(EXERCISE): Set down the data below from its first line to the line holding "Ekologický zelený zápisník", inclusive; omit all pictures.

(SUPPLIED INFORMATION):
- - -

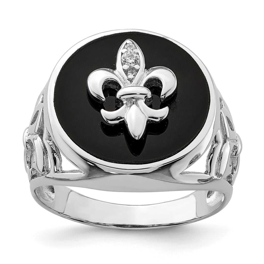 Sterling Silver Rhodium Plated CZ Black Onyx Ring
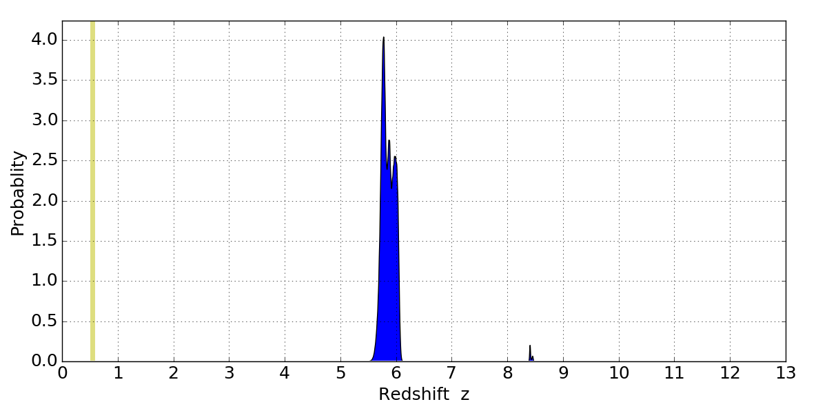 In P(z) plots: Yellow lines mark the cluster redshift z = 0.546,
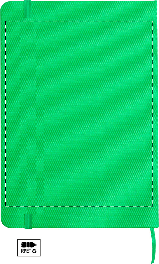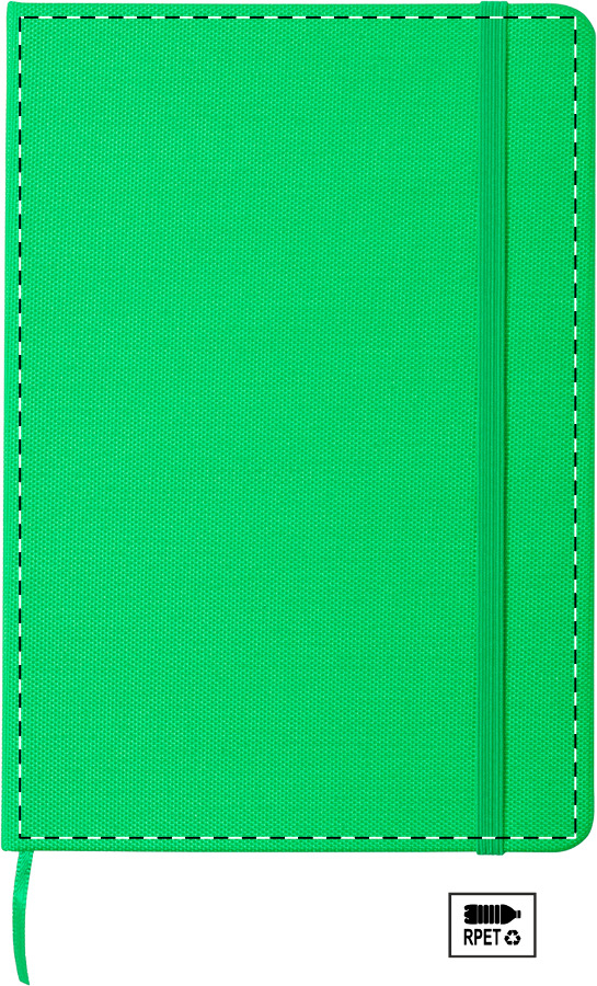 Ekologický zelený zápisník formátu A5 spojuje funkčnost s šetrným přístupem k přírodě. Povrch desek z recyklovaného polyesteru je příjemný na dotek a zajišťuje dostatečnou odolnost při častém přenášení.
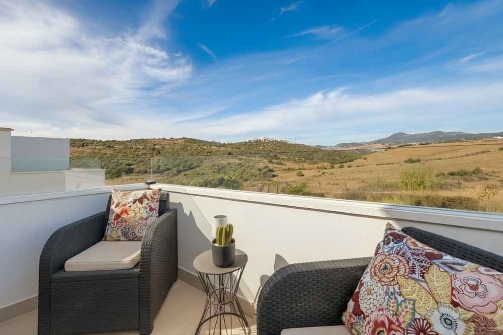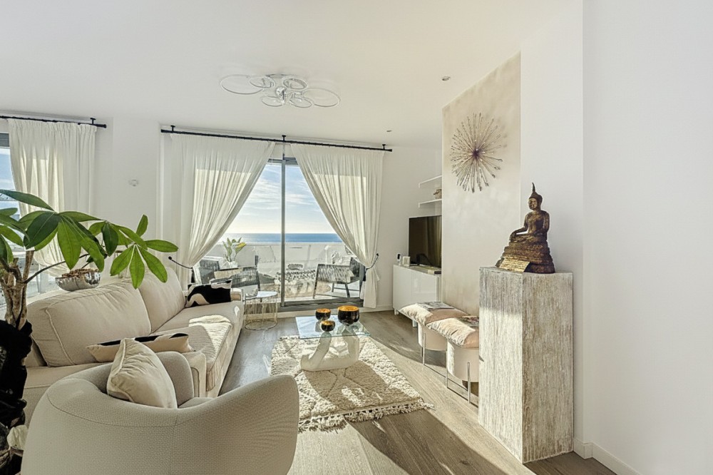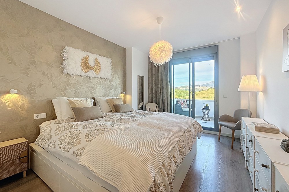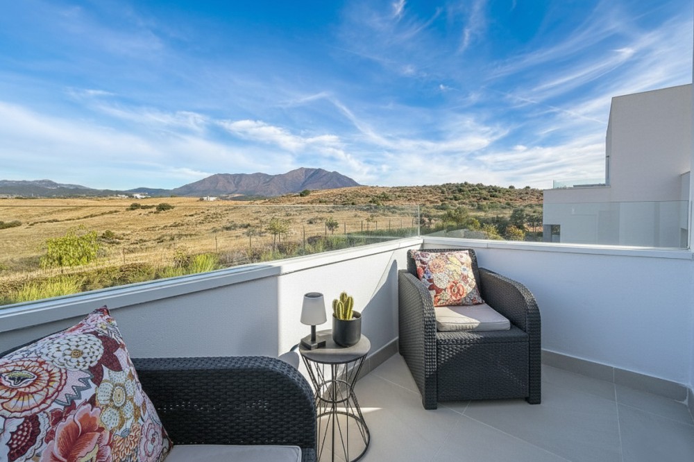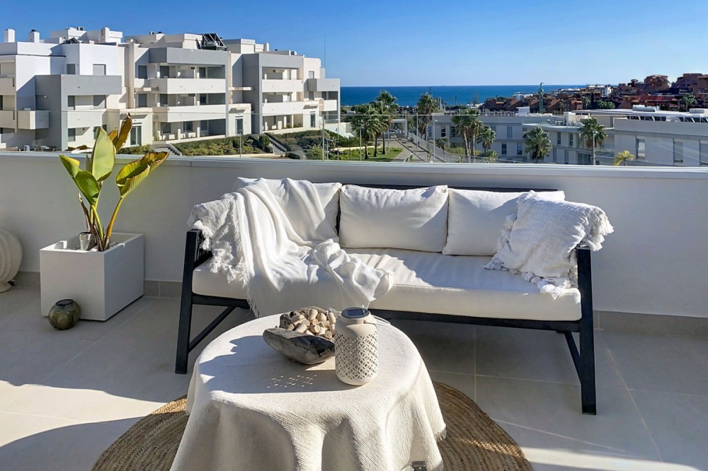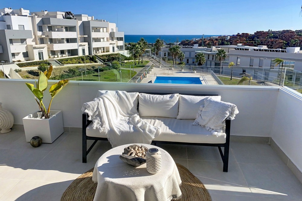 - This duplex penthouse is located in the Serenity Views Urbanization, in West Estepona, and stands out for its impressive sea views and spaciousness. The property, situated in a gated community, offers the tranquility of living close to the sea and the convenience of being near golf courses, shops, restaurants, and schools. The home features a spacious main living room, designed with an open-concept layout, which integrates perfectly with the private terrace, allowing you to enjoy natural light and direct panoramic sea views. The kitchen, fully equipped and modern in style, is connected to the living room and includes high-quality appliances, as well as a practical laundry area. In the sleeping area, there are two bedrooms with built-in wardrobes and two full bathrooms, one of them en suite. The bedrooms are designed to offer comfort and privacy, and the master bedroom also has a private bathroom and a private terrace with views of the countryside and mountains. An elegant staircase leads to the solarium, where the sense of spaciousness and the breathtaking sea views are truly impressive. Among the extras offered by this duplex penthouse are air conditioning, double glazing, reinforced door, as well as a garage and storage room included. The complex features a swimming pool and mature communal gardens, and elevator. The property is in excellent condition and has close access to all amenities, including the port, city center, and the beach.

- - -

(RESPONSE):
 Sterling Silver Rhodium Plated CZ Black Onyx Ring
 In P(z) plots: Yellow lines mark the cluster redshift z = 0.546,
 Ekologický zelený zápisník formátu A5 spojuje funkčnost s šetrným přístupem k přírodě. Povrch desek z recyklovaného polyesteru je příjemný na dotek a zajišťuje dostatečnou odolnost při častém přenášení.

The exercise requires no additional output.